RJO’s Reviews on Amazon.com

These brief book reviews have been posted to Amazon.com, and they may be viewed there in their original form either collectively (on my public reviews page) or individually (by following the link at each title below).

Romping Through a Hundred Years of Educational Folly

Left Back: A Century of Failed School Reforms
Diane Ravitch
Simon & Schuster, 2000

Left Back is a magnificent book, and everyone concerned with education owes Diane Ravitch a debt of gratitude for having written it.

The book’s theme is the so-called “progressive education” movement and how for the past 100 years it has deprived students from all socio-economic groups, but especially poor students, of the rigorous academic education that would help them advance in society.
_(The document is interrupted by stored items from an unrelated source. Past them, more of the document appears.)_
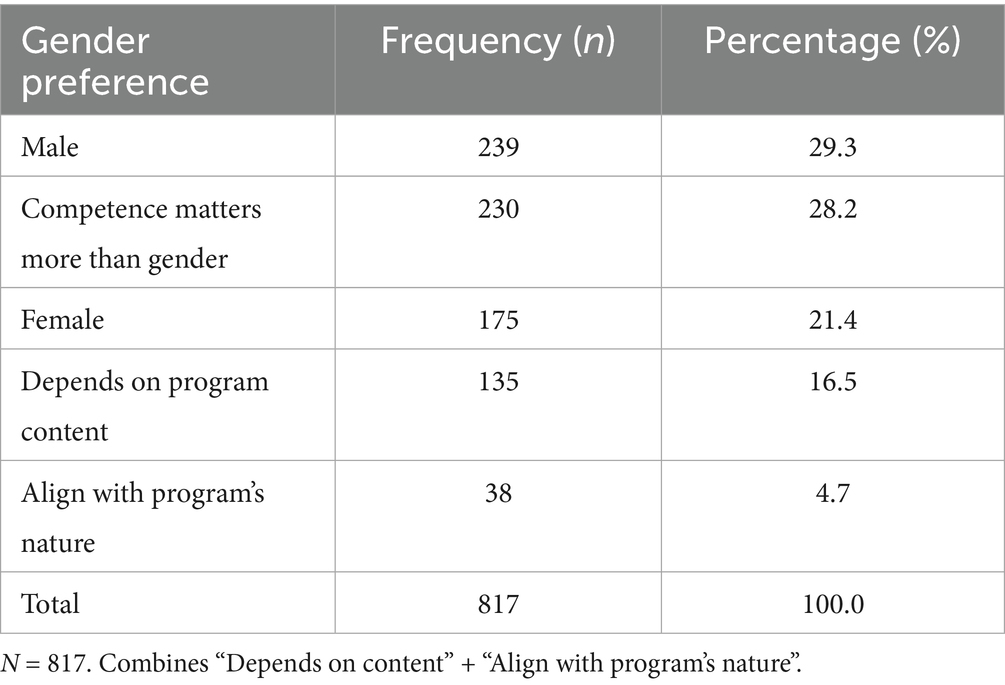Findings on presenter characteristics highlighted two key dynamics: expertise and gender. Regarding presenter expertise, 38.6% of students favored a hybrid model that combined academic and professional backgrounds, underscoring the appeal of blended credibility (Table 10). Additionally, 21.8% expressed a preference for presenters whose background matched the specific content, reflecting a pragmatic approach to contextual relevance. In terms of gender dynamics, competence emerged as the central criterion, with 28.2% of respondents prioritizing skill irrespective of gender. Nevertheless, gender-based preferences were present, as 29.3% favored male presenters while 21.2% preferred female presenters, indicating fluid but slightly male-leaning tendencies in perceived presenter effectiveness (Table 11).
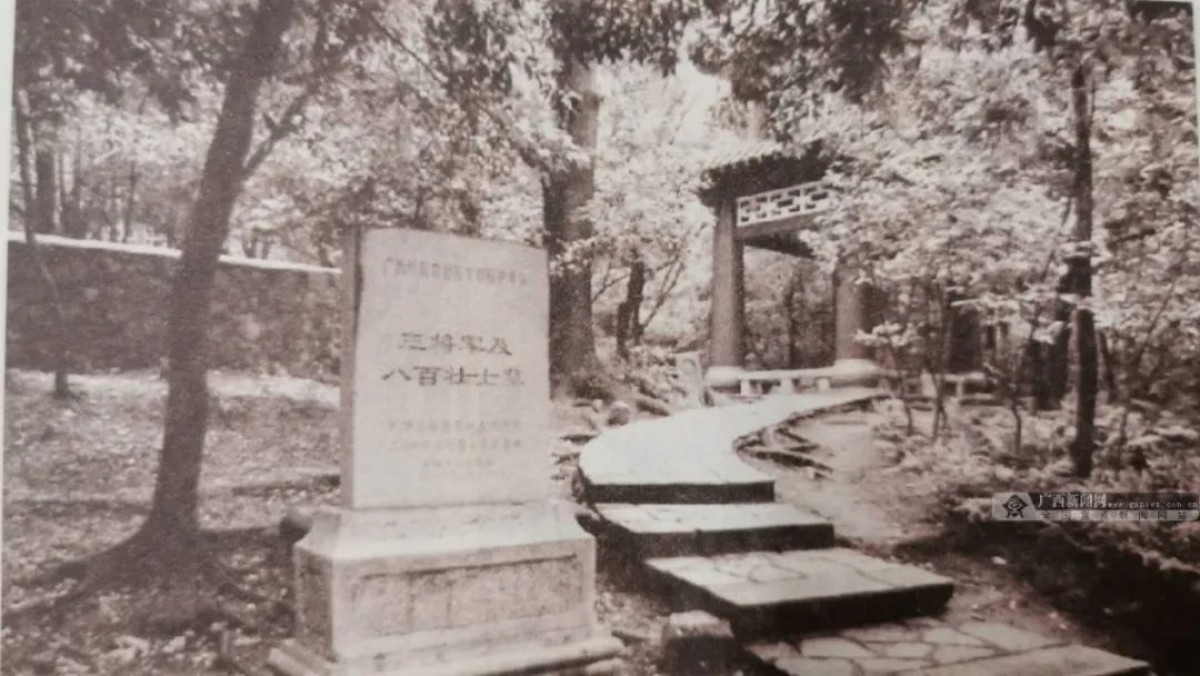 1944年11月7日,日军向桂林七星岩中国守军阵地发起攻击,将毒气弹投入岩中,824名中国官兵壮烈牺牲。图为三将军(桂林城防司令部参谋长陈济桓、陆军第131师师长阚维雍、陆军第31军参谋长吕旃蒙)及八百壮士墓墓碑。广西壮族自治区档案馆供图
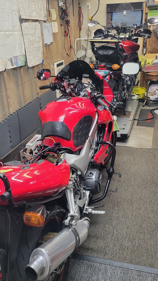 Wow nice garage and bikes. Looks like you could sleep in there with them. I was about to put similar driving lights on the vtr but they wound up on my TTR125. Real nightcutters.
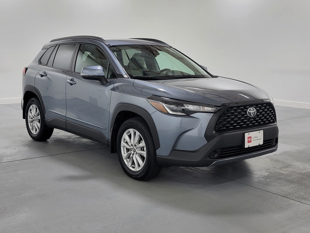 Recent Arrival! With Some Available Options Like 17" Alloy Wheels, 4-Wheel Disc Brakes, 4.014 Axle Ratio, 6 Speakers, ABS brakes, Air Conditioning, Alloy wheels, AM/FM radio: SiriusXM, Apple CarPlay/Android Auto, Auto High-beam Headlights, Automatic temperature control, Brake assist, Bumpers: body-color, Delay-off headlights, Driver door bin, Driver vanity mirror, Dual front impact airbags, Dual front side impact airbags, Electronic Stability Control, Emergency communication system: Safety Connect with 1-year trial, Exterior Parking Camera Rear, Fabric Seat Trim, Four wheel independent suspension, Front anti-roll bar, Front Bucket Seats, Front Center Armrest, Front reading lights, Fully automatic headlights, Heated door mirrors, Illuminated entry, Knee airbag, Leather steering wheel, Low tire pressure warning, Occupant sensing airbag, Outside temperature display, Overhead airbag, Panic alarm, Passenger door bin, Passenger vanity mirror, Power door mirrors, Power steering, Power windows, Radio data system, Radio: 6 Speaker Audio, Rear anti-roll bar, Rear side impact airbag, Rear window defroster, Rear window wiper, Remote keyless entry, Roof rack: rails only, Security system, Speed control, Split folding rear seat, Spoiler, Steering wheel mounted audio controls, Tachometer, Telescoping steering wheel, Tilt steering wheel, Traction control, Trip computer, Turn signal indicator mirrors, and Variably intermittent wipers. Celestite 2022 Toyota Corolla Cross LE 4D Sport Utility 2.0L I4 PDI DOHC 16V LEV3-SULEV30 169hp 29/32 City/Highway MPG AWD Automatic

However well-meaning the advocates of progressive education may have been, they have caused terrible harm by holding an array of destructive views, from poisonous social determinism at one end (black students are probably going to grow up to work in menial jobs anyway, so there’s no point in teaching them abstract academic subjects that they will never need) to loony naturism at the other, under which children should never be taught about anything that they don’t ask to be taught about. (And if they never ask, that’s fine; they can just play for twelve years.)

Ravitch’s writing is unfailingly smooth and well-ordered, and more than fifty pages of detailed endnotes will allow curious readers to follow up on any of the topics she examines.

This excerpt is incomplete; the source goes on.